Mevsimi anımsayamıyorum ama kış olmadığından eminim. Doğduğum evin alt katı… 

Mevsimi anımsayamıyorum ama kış olmadığından eminim. Doğduğum evin alt katı…  Pek büyük olmasa da çiçeklerle dolu bir bahçe hatta o bahçede çekilmiş bir resmim var üç tekerlekli bisikletimin üstünde. Kuşkusuz siyah beyaz yani renkli değil, renksiz bir resim. “Renksiz” sözümün saçmalığını mırıldanır gibisiniz, sizi anlıyorum ama ne yapayım, dilimizin yapısına bakarak “var - yok” mantığıyla “renkli”nin karşıtı “renksiz” olmalı. Oysa siyah da bir renk, beyaz da…
Sözü bilinçli olarak uzatıp sizde merak uyandırmak derdinde ya da amacında değilim ama o zamanlar değil resim düzeltmeleri, bilgisayar yardımıyla kesip kırpmaları yoktu pek. Cıvıl cıvıl renklerle dolu resimler neredeee! Işıklı, ışıksız, az ışıklı en fazla yani beyaz, siyah ve gri.
İşte o evin alt katı yol seviyesinden biraz düşüktü. Bir de ilkokula yeni başlamış bir çocuğun boyunu düşleyin. İşte o boydayım yani dışarıyı, sokağımızı görebiliyorum ve kollarımı dirsekten büküp camın içine koyabiliyorum.
“Camda ne işin var?” demeyin.
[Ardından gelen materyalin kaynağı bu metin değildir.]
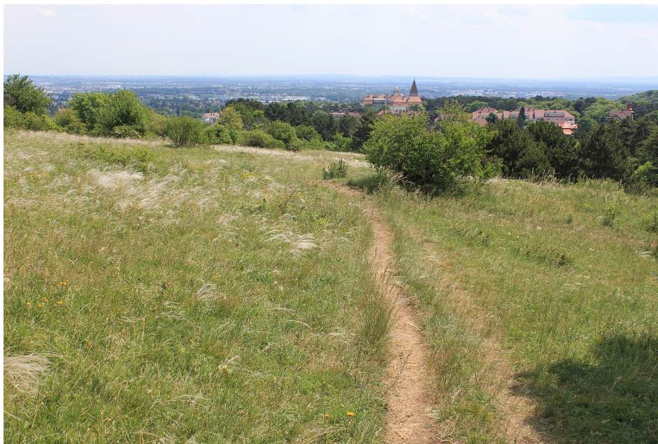
Fig. 3. Stand of the Scorzonero austriacae-Caricetum humilis near Perchtoldsdorf (Photo: N. Sauberer, 28 May 2012).

Bromus erectus 3, Carex humilis 3, Anthyllis vulneraria 2, Dorycnium germanicum 2, Galium austriacum 2, Inula hirta 2, Sesleria caerulea 2, Anthericum ramosum 1, Bupleurum falcatum 1, Genista pilosa 1, Inula ensifolia 1, Leontodon incanus 1, Phyteuma orbiculare 1, Polygala amara 1, Rhytidium rugosum 1, Scabiosa canescens 1, Thesium linophyllum 1, Abietinella abietina +, Asperula cynanchica +, Asperula tinctoria +, Avenula pubescens +, Briza media +, Campanula glomerata +, Campylium stellatum +, Centaurea scabiosa +, Chamaecytisus ratisbonensis +, Daphne cneorum +, Epipactis helleborine +, Euphorbia cyparissias +, Festuca stricta +, Gentianella austriaca +, Globularia cordifolia +, Helianthemum canum +, Helianthemum nummularium subsp. obscurum +, Hieracium pilosella +, Hippocrepis comosa +, Homalothecium lutescens +, Hypnum cupressiforme +, Linum flavum +, Linum tenuifolium +, Pimpinella saxifraga +, Plantago media +, Polygala chamaebuxus +, Potentilla incana +, Prunella grandiflora +, Pulsatilla grandis +, Sanguisorba minor +, Scabiosa ochroleuca +, Scorzonera austriaca +, Scorzonera purpurea +, Senecio jacobaea +, Seseli annuum +, Seseli hippomarathrum +, Teucrium montanum +, Thymus praecox +, Tortella tortuosa +, Vincetoxicum hirundinaria +.

Yaşıtım bir komşu çocuğu var, ara sıra gelip bahçede bisiklete bineriz, bir ben, bir o. Bazen kapının önünde top oynarız kendi çapımızda. O, camın dışında, bizim camın önüne eğilmiş, şimdi anımsayamadığım bir şey konuşuyoruz.
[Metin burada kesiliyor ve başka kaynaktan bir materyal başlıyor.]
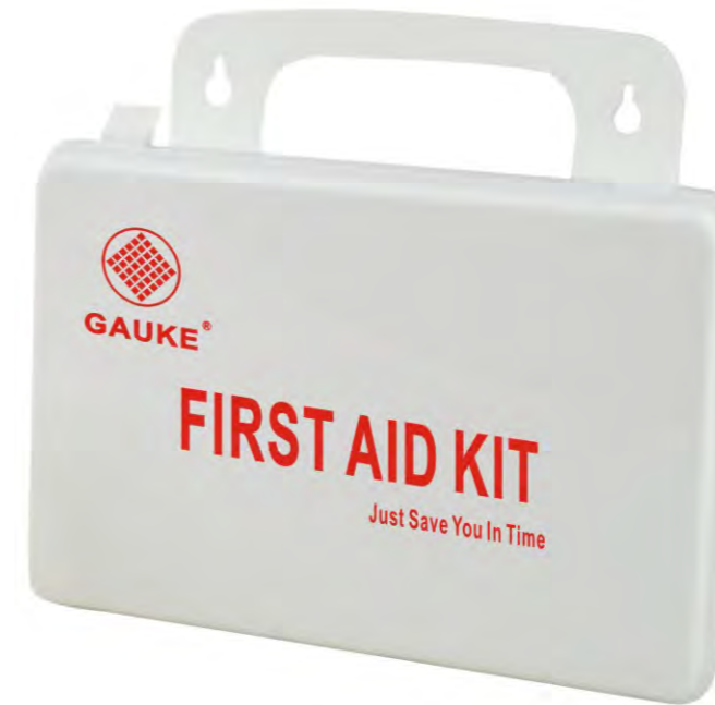
GK - 01019

Birden “Bak uçak geçiyor!” dedi. Başımı eğip uçağa baktım çünkü kollarım camın iç tarafındaki beton tablaya dayalı. “Aaa, ne güzeeel!” dedim. Dememle o “Tabii güzel olur, bak üstünde sarı yazılar var. Bizim uçağımız o, yaşa Fenerbahçeli uçak!” dedi. İşte o anda ben de “Ne Fener’i, o bizim. Bak üstündeki şeye, uçan kuşa, asıl Beşiktaşlı o!” dedim duyulsun diye sesimi iyice yükselterek.
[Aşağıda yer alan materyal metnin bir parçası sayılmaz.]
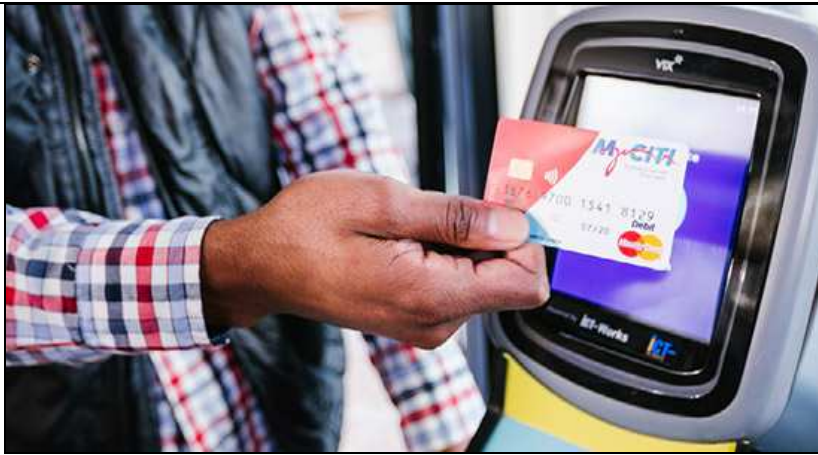
Figure 6: MyConnect card being tapped aboard MyCiti BRT

Cape Town has three active ICT mobile applications that provide public transport users with schedules which are essential to trip planning. The three apps are ‘GoMetro app’, ‘TCT app’ and the ‘iOSMyCiti app’ which is not an official one.

Sonra o tekrar “Fenerbahçeli, yaşasın Fenerbahçe!” deyince ben de “Kartal o, kara kartal!” diye hırsla bağırarak yumruk yaptığım elimin iç kısmıyla cama vurdum. Birden bileğimin elime bağlanan noktasından resmen kan fışkırmağa başladı. Cam kırılmış ve damarımı delmişti. Nasıl oldu, nasıl akıl ettim bilmiyorum, öbür elimin parmağıyla oraya bastım. Allahtan babam evdeydi. Hemen beni kucağına alıp komşunun arabasıyla hastaneye götürmüş. Kuşkusuz bunu sonradan annem ve babamdan dinledim ayılınca. Büyük bir kaza atlatmıştım.
Şimdi “Bunu neden anlattın?” diyeceksiniz. Fanatizm öyle noktalara geldi ki! Günümüzde sadece sporda değil, sosyal yaşamın neredeyse her evresinde hatta siyasette bile fanatizmin tavan yaptığını, bu aşırı düşkünlük ya da tutkuya varacak denli bağnazlığın,  mutaassıplığın bizi bilinçten koparıp neredeyse delilik denebilecek noktaya kadar götürebileceğine tanık oluyoruz. İşte o aklı baştan alan fanatizm yani mutaassıplık, bağnazlık böyle masum noktalardan damarımıza giriyor sonra da onu kontrol altına alma sınırını aştığımızda alıp başını gidiyor.
Kısaca akıl baştan firari olunca ne sınır kalıyor ne akıl ne de fikir! Ortada kala kala açıklanması neredeyse olanaksız bir tutuculuk ya da tutku kalıyor.